__TO DO__: While leaving the pictures out, set down only the lines from the one with "단기적으로 볼 때 몇" through the end of the records, exactly as they stand.
**** THE DATA
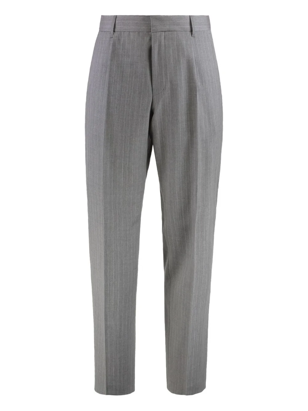 pinstripe tailored trousers Highlights - Light grey - Pinstripe pattern - Concealed front fastening - Dart detailing - Side pockets - Tailored design - Belt loops Imported Composition Lining: Polyester 65%, Cotton 35% Outer: Virgin Wool 100%
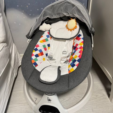 BBsmart elektrisk vippestol er en skikkelig vinner! Kanskje du trenger frie hender en liten stund? Her kan babyen ligge trygt og finne ro med bevegelse og musikk.
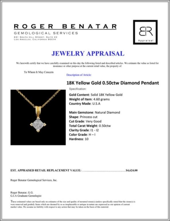 Regarding Appraised Jewelry and Loose Stones - Auctionfarm sends them out to a third party for Retail Replacement Value Appraisals, which are the most common. These types of evaluations are written for insurance needs. This would be the cost to replace the jewelry with an item of equal quality and kind, considered to be the current market price or the replacement value. This type of appraisal is done to protect you in the event of damage or loss of a valuable item. Our appraisals are conducted by independent 3rd Party appraisal firms that utilizes Certified GIA Gemologist. Appraisals should be used for verification of gemstone and/or metal weight, size, and grade only, not actual value. Appraisal value should be considered for insurance purposes only, not actual value, as price varies greatly from retail locations thru out the world. Items should not be purchased with the expectation to resell for appraisal price, or for profit.
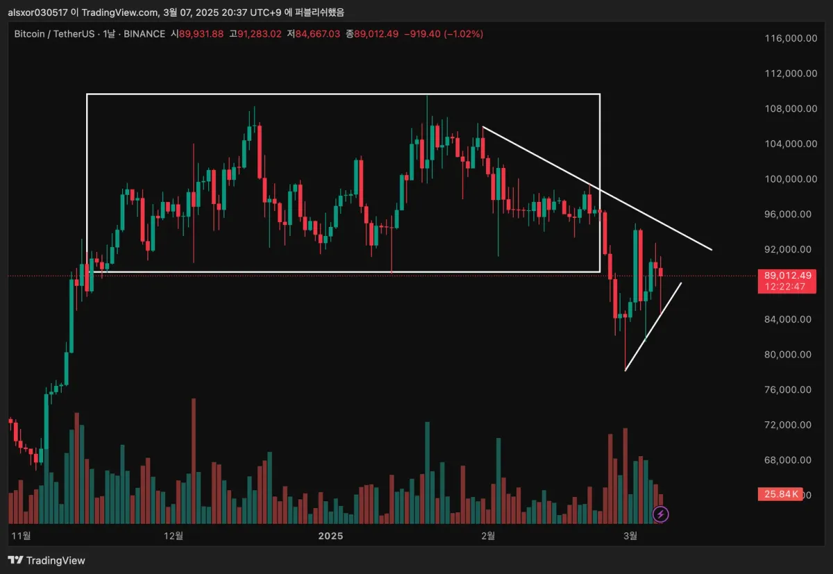 단기적으로 볼 때 몇 달 간 박스권에 갇혀 있다가 하락 추세로 전환했고 캔들의 저점이 높아지는 걸 보아, 반등이 나올 수 있을 것 같습니다.
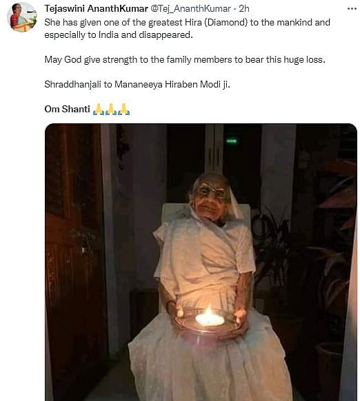 People paid tribute to Heeraben and wrote, "She has given one of the greatest Hira (Diamond) to the mankind and especially to India and disappeared. May God give strength to the family members to bear this huge loss. (sic)"
********
__ANSWER SPACE__:
 단기적으로 볼 때 몇 달 간 박스권에 갇혀 있다가 하락 추세로 전환했고 캔들의 저점이 높아지는 걸 보아, 반등이 나올 수 있을 것 같습니다.
 People paid tribute to Heeraben and wrote, "She has given one of the greatest Hira (Diamond) to the mankind and especially to India and disappeared. May God give strength to the family members to bear this huge loss. (sic)"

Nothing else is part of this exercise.